Por fim, agradeço a acolhida e a orientação, desde o começo, da querida Flory Kruger: esperamos estar à altura da aposta que temos a honra de levar adiante. Gostaria, especialmente, neste momento, de agradecer e dizer como foi crucial nesses dois anos de trabalho junto ao Bureau, tanto nos momentos de satisfação quanto frente aos impasses que atravessamos, me deixar guiar e ensinar por Mónica Febres Cordero em sua delicadeza para com o real e pela potência singular de Ricardo Seldes, generosa transmissão quanto ao saber fazer face ao indeterminado e às sutilezas analíticas. Nosso encontro me ensinou a suportar a alegria e o impossível do fazer juntos. Los voy a extrañar!
Meu grand merci a Christiane Alberti, a Eve Miller Rose e a Jacques-Alain Miller pela confiança e cuja presença sempre me desperta para seguir o sonho.

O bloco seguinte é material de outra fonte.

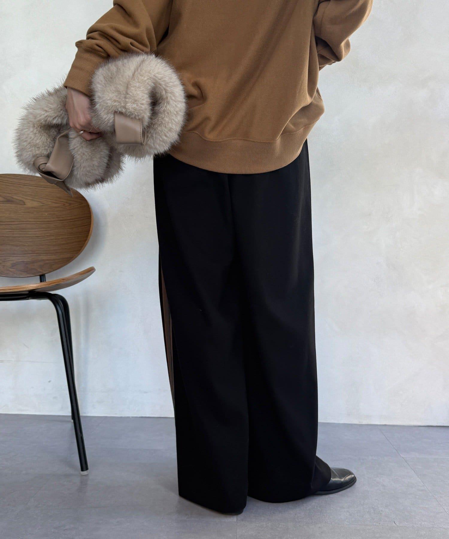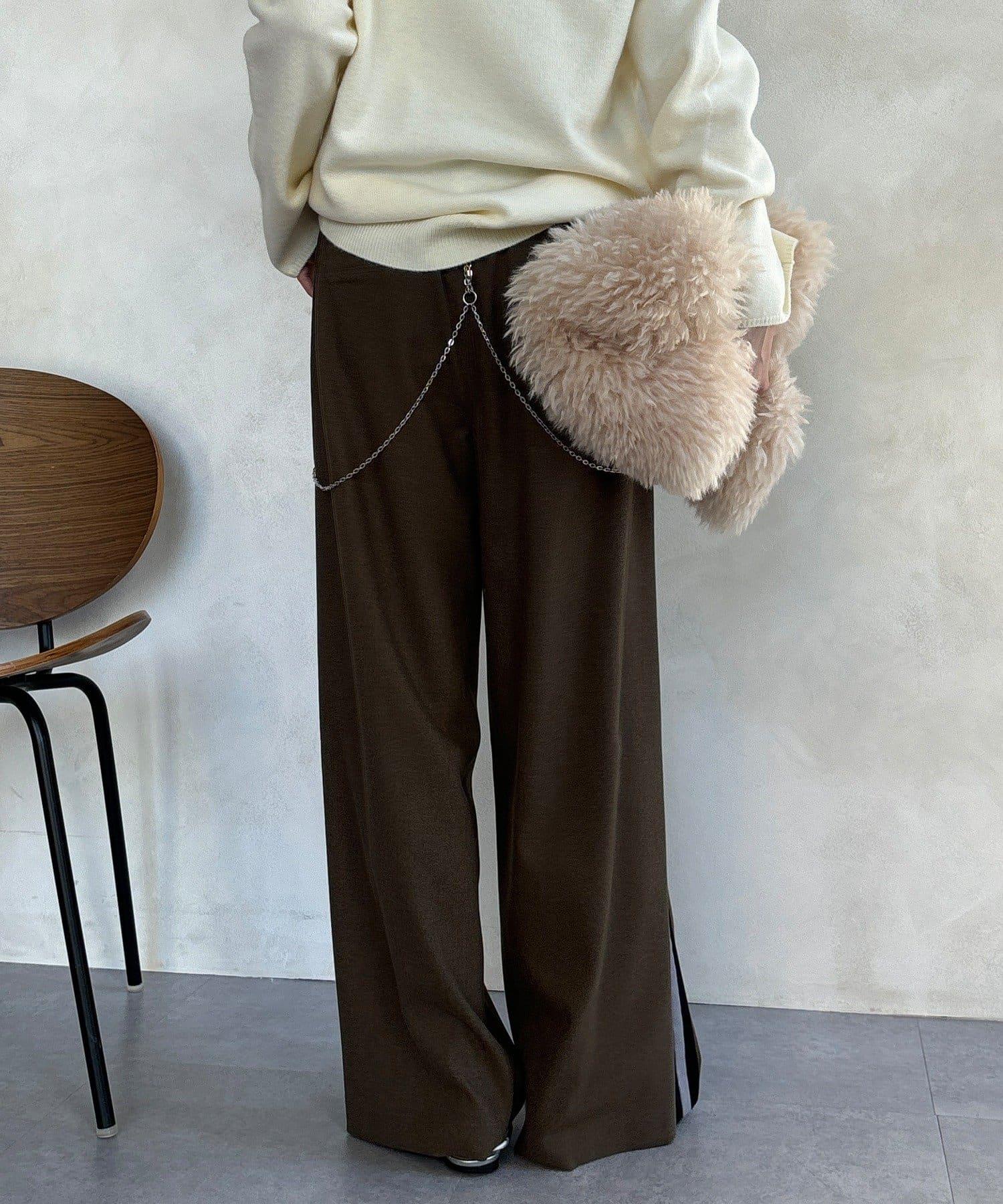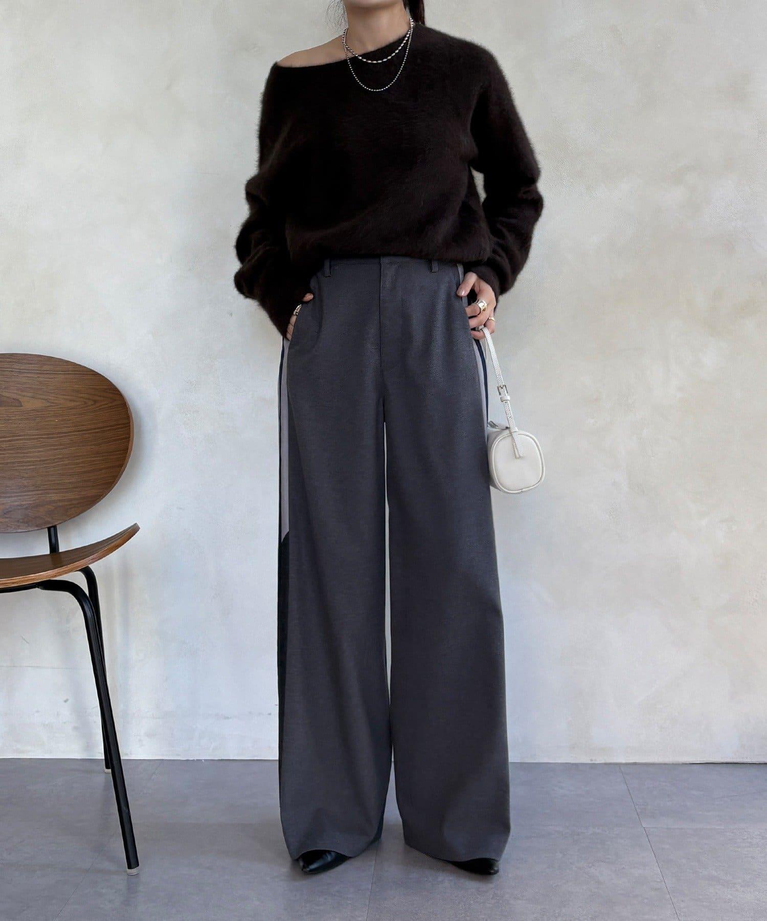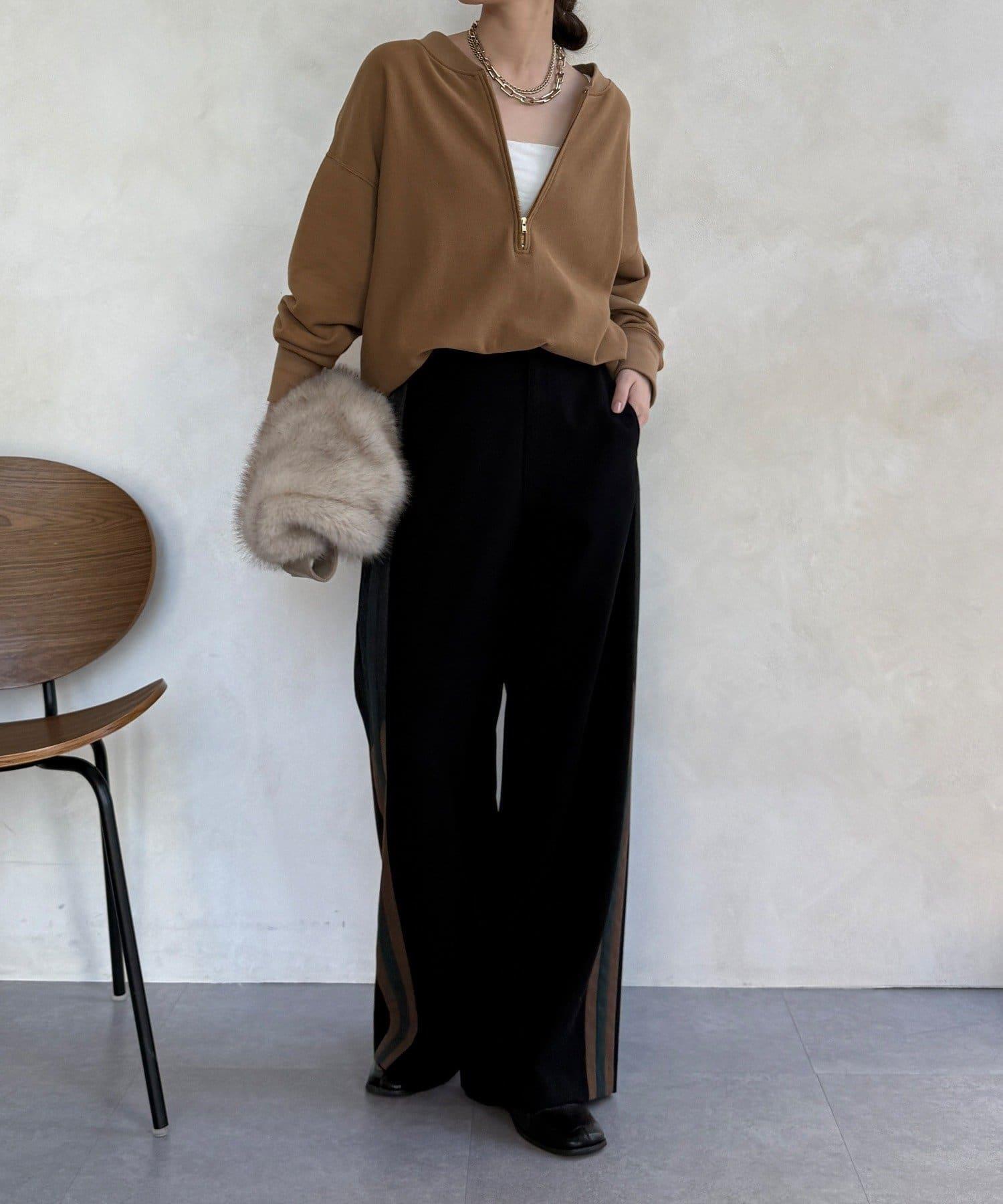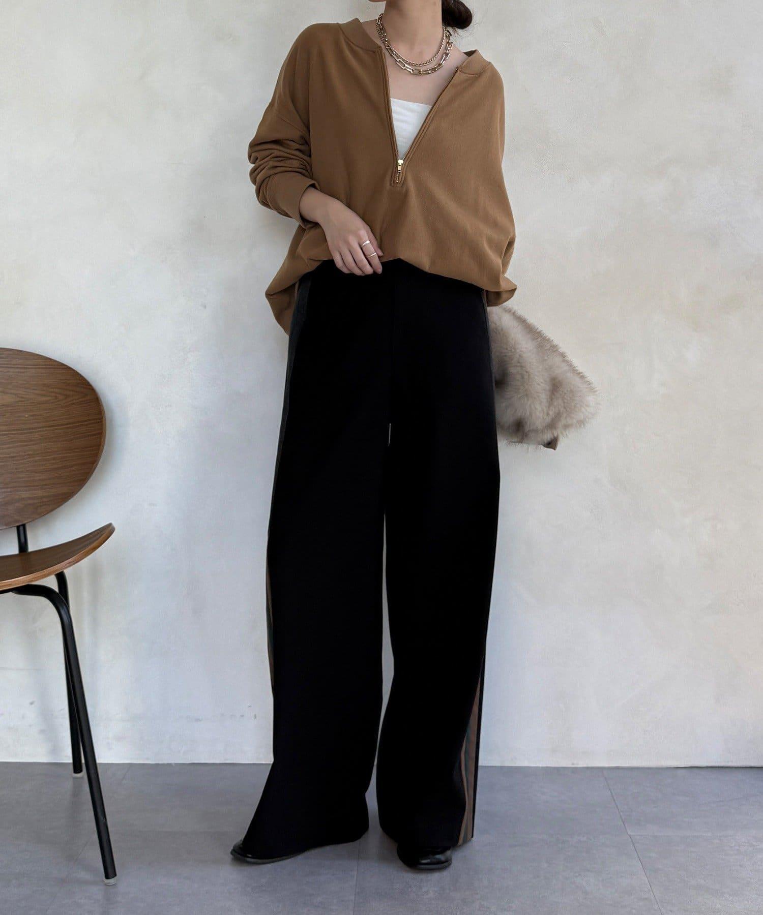 側邊條紋寬腿褲

Agradeço ainda à preciosa comissão que foi responsável pela organização dos divinos detalhes deste encontro e, em nome do Bureau sainte e entrante, nosso agradecimento ao apoio recebido da EBP e da Seção Minas Gerais da EBP para a realização do que pode ter lugar aqui hoje.
Gracias a todos aqui presentes e que acompanham este ato pelo Zoom, participantes dos observatórios, redes, publicações e muitos e muitos mais: uma comunidade que aprendemos a chamar de Fapol. Seguiremos extraindo do encontro com a sua diversidade, sua língua própria, efeitos de formação escandalosos.

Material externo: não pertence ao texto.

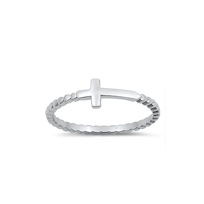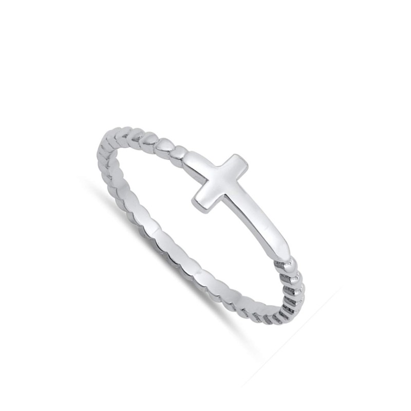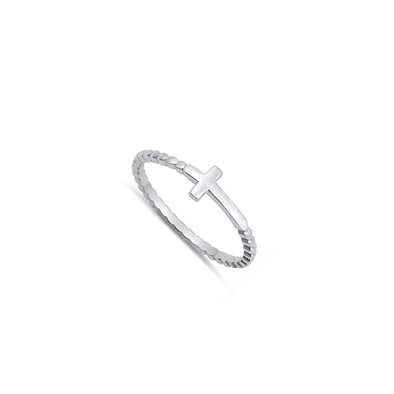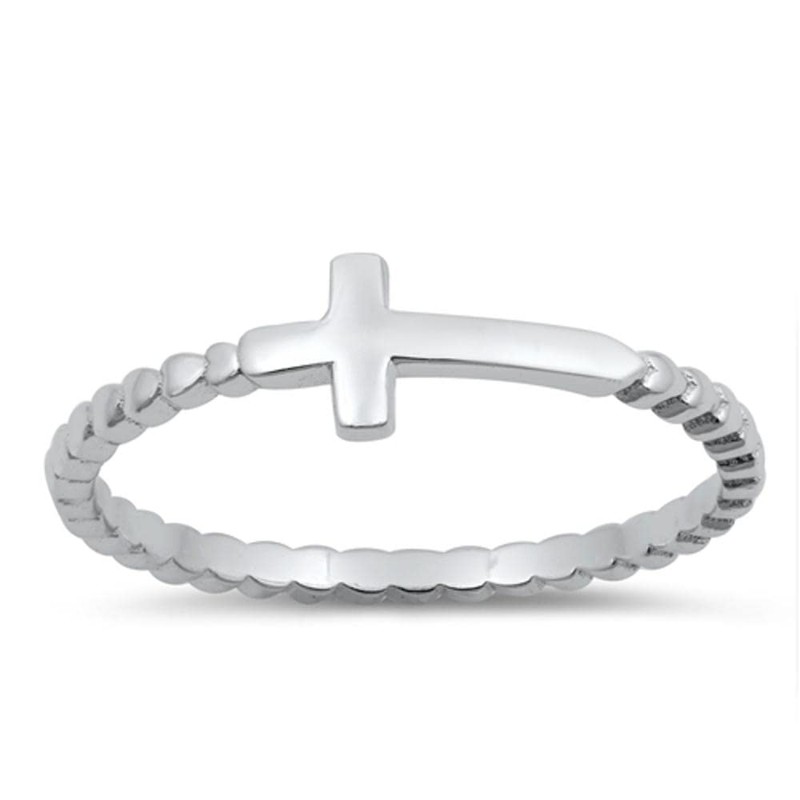 Sideways Cross Beaded Heart Love Ring New .925 Sterling Silver Band Size 3

O encontro que produz a Fapol é potente! Altera a língua própria no baile com a outra língua e seus diversos sotaques; produz significantes novos, neologismos cantados, infiltrando no campo freudiano o esforço de bem dizer a experiência da psicanálise. Esse esforço produz a cantilena que se ouve ao longe: o portunhol lacaniano. Produto original da babel latina na qual nos encontramos. A força da sua expressão relança a aposta da Fapol, o sonho de seus fundadores, do Bureau do qual hoje me despeço, do novo que está pronto para entrar no combate e o meu, desde que coloquei o pé nesta estrada. Junto com cada um de vocês, seguiremos seu canto!
Muchas gracias!
[1] Presidenta entrante da Federação Americana de Psicanálise da Orientação Lacaniana (FAPOL), Analista Membro da Escola (AME) pela Escola Brasileira de Psicanálise (EBP) e pela AMP.
[2] MILLER, J. O que é a Fundação do Campo Freudiano? – Texto inicialmente publicado como prefácio da revista Analytica, Paris, n. 44, 1986. Disponível em: https://fapol.org/institucional/campo-freudiano/.

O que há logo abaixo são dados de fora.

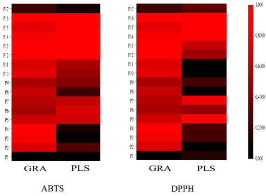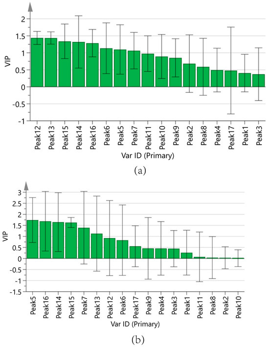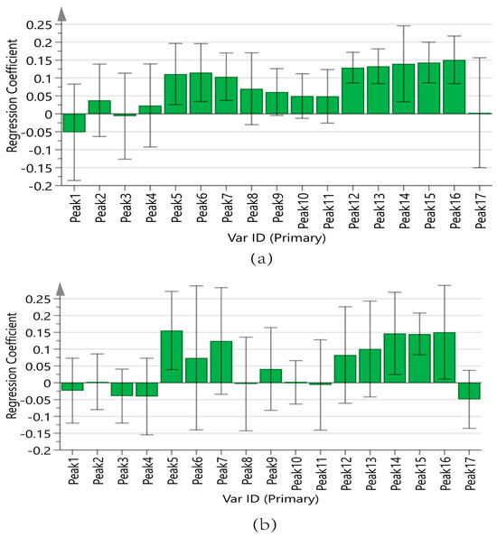 Figure 9a displays the regression coefficients of the 17 peaks with antioxidant capacity. Positive regression coefficients represent a positive correlation, and negative regression coefficients suggest a negative correlation. The VIP values are shown in Figure 10a, where VIP > 1 indicates that the components significantly affect antioxidant capacity.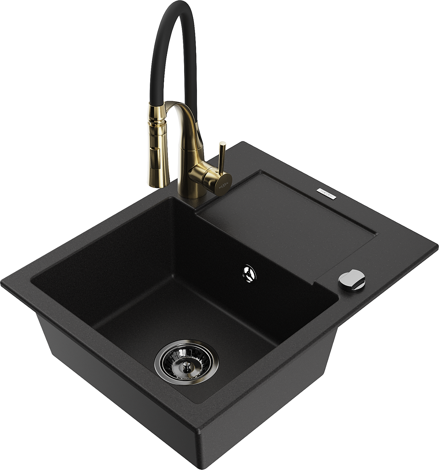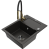Mexen Enzo granite sink 1-bowl with drainer and Aster kitchen tap, black - 6506-77-73450-57-B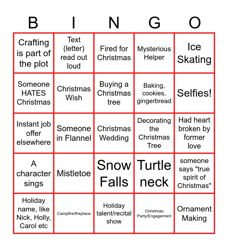 This bingo card has 25 words: Mistletoe, Holiday talent/recital show, Buying a Christmas tree, Holiday name, like Nick, Holly, Carol etc, Ice Skating, Crafting is part of the plot, Someone HATES Christmas, Text (letter) read out loud, Decorating the Christmas Tree, Snow Falls, Baking, cookies, gingerbread, Instant job offer elsewhere, Turtle neck, someone says "true spirit of Christmas", Christmas Wish, Ornament Making, Had heart broken by former love, Fired for Christmas, Selfies!, Someone in Flannel, Christmas Wedding, Campfire/fireplace, A character sings, Mysterious Helper and Christmas Party/Engagement.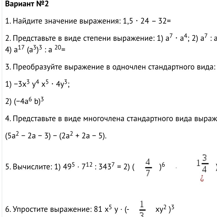 1)-3х³у⁴х⁵×4у³ = -12ч³+⁵у⁴+³ = -12х⁸у⁷

[3] MILLER, J.-A. El banquete de los analistas. Buenos Aires: Paidós, 2011. p. 230.
[4] MILLER, J.-A. El ultimísimo Lacan. Buenos Aires: Paidós, 2014. p. 190.
[5] ALBERTI, C. Lo que puede el psicoanálisis. Virtualia, Revista Digital de la EOL, ano XVII, n. 42, mayo 2023. Disponível em: https://www.revistavirtualia.com/articulos/980/lo-que-puede-el-psicoanalisis/lo-que-puede-el-psicoanalisis
[6] MILLER, 2014, op. cit., p. 187.
[7] LAURENT, É. A interpretação: da escuta ao escrito. Correio, Revista Brasileira Internacional de Psicanálise, São Paulo, n. 87, p. 68, abr. 2022.
[8] LACAN, J. m. Sr.A. In: LACAN, J. Nos confins do seminário. São Paulo: Zahar, 2023. p. 73.